- Goal of the exercise -
Everything below from the line with "Budakeszi kedvelt kertvárosi" through the line with "I am selling" should be copied exactly, and nothing else; leave out the pictures.

- Exercise inputs -
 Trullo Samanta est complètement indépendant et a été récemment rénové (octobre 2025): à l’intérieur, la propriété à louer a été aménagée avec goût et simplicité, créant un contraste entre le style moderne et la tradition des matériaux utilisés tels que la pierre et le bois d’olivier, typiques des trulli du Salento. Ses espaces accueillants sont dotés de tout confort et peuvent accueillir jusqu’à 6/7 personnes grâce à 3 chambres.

--

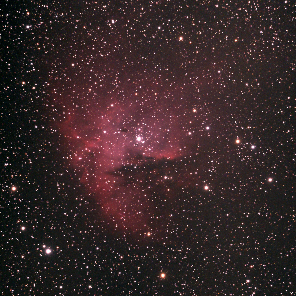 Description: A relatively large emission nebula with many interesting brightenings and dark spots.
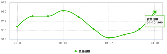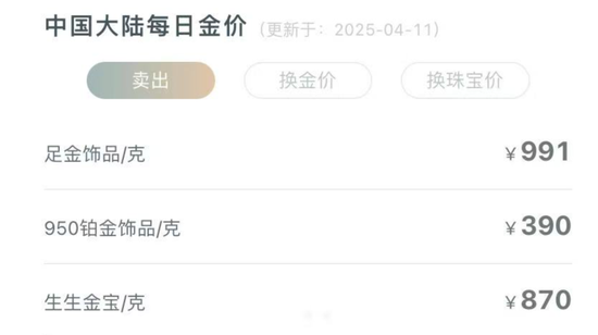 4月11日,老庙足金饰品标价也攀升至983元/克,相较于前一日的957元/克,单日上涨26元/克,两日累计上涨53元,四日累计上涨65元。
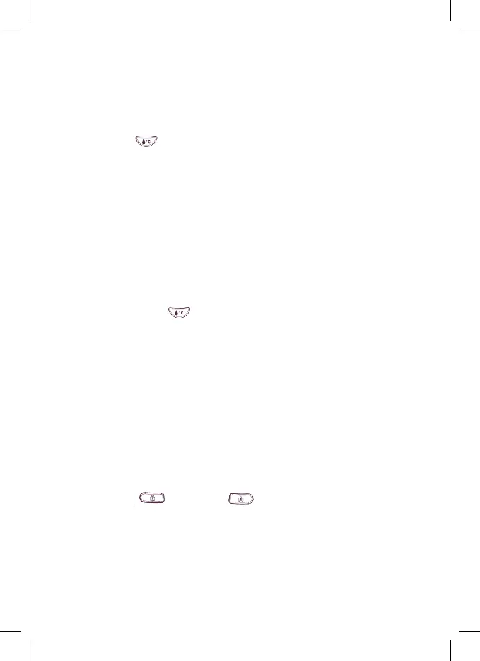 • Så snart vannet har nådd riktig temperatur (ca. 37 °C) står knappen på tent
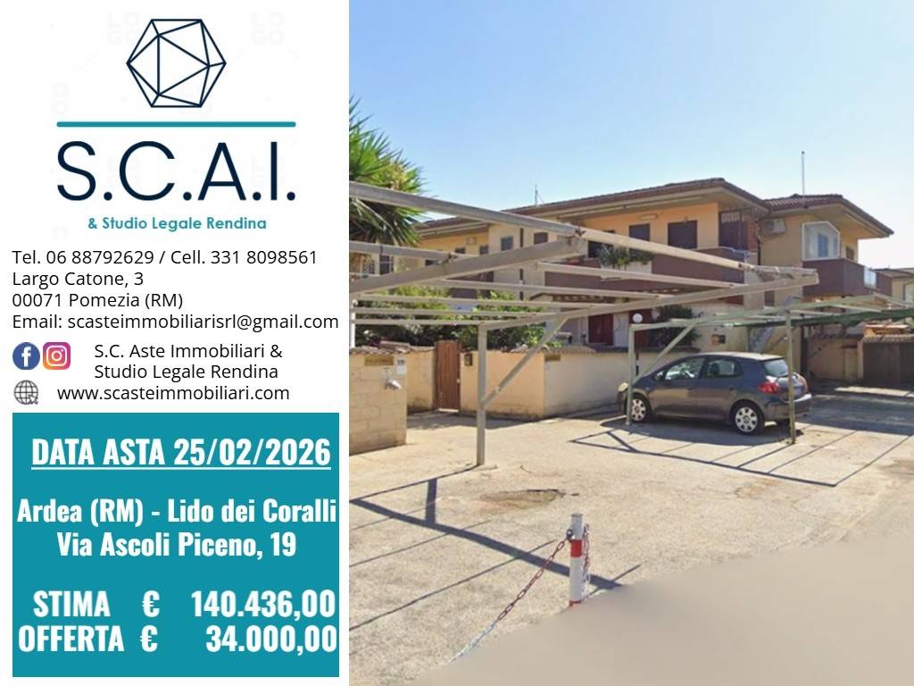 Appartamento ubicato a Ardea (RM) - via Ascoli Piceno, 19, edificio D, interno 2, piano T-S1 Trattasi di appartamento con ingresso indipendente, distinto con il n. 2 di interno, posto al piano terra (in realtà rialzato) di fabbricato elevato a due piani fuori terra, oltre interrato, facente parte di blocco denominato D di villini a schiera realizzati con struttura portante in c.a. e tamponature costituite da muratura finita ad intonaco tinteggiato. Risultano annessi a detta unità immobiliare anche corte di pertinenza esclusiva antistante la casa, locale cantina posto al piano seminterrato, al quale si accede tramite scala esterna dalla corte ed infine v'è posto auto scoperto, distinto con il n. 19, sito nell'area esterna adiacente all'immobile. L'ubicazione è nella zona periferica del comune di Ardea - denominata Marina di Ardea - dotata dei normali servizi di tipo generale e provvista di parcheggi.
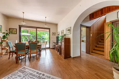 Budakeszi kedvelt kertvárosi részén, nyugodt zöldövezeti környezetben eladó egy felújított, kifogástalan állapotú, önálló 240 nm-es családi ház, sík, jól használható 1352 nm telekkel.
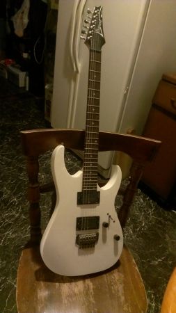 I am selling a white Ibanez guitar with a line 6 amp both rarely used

- Solution -
 Budakeszi kedvelt kertvárosi részén, nyugodt zöldövezeti környezetben eladó egy felújított, kifogástalan állapotú, önálló 240 nm-es családi ház, sík, jól használható 1352 nm telekkel.
 I am selling a white Ibanez guitar with a line 6 amp both rarely used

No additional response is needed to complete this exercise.